Mr. Sethna was shocked by this allegation, but he was also eager to believe it was true. Something or someone was killing the flowers. An undiagnosed blight had struck patches of the bougainvillea. The head mali was stymied. Here, at last, was an answer: Mr. Dogar had been pissing on the flowers!
“He’s… incontinent?” Mr. Sethna inquired.
“Not at all,” said Mrs. Dogar. “He’s doing it deliberately.”
“He wants to kill the flowers?” Mr, Sethna asked.

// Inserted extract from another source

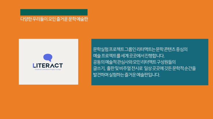 경계 없는 문학의 장을 추구합니다. 우리는 모두 각자가 하고 싶던 말을 합니다. 늘 하고픈 말이 있던 우리들을 위한 글로벌 문학프로젝트 그룹 Literact 의 2020-2021년 프로젝트 My Fresh Banana
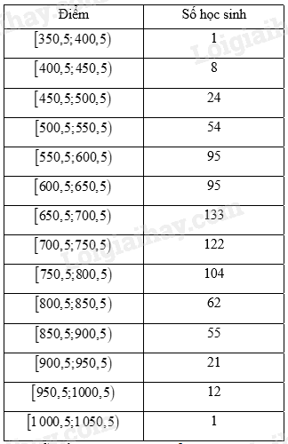 Giá trị đại diện của nhóm \(\left[ {650,5;700,5} \right)\) là: \(\frac{1}{2}\left( {650,5 + 700,5} \right) = 675,5\)

“I’m glad you understand,” Mrs. Dogar replied. “Poor man.” With a wave, she indicated the surrounding golf course. “Naturally, he wanders out there only after dark. Like a dog, he always goes to the same spots!”
“Territorial, I suppose,” said Mr. Sethna.
“I’m glad you understand,” Mrs. Dogar said. “Now, where’s our cab?”
In the taxi, old Mr. Dogar looked as if he wasn’t sure if he should apologize or complain. But, before he could decide, his younger wife once more surprised him.
“Oh, darling, never let me treat you like that again—at least not in public. I’m so ashamed!” she cried. “They’ll think I bully you. You mustn’t let me. If I ever tell you that you can’t drive a car again, here’s what you must do… are you listening, or are you too drunk?” Mrs. Dogar asked him.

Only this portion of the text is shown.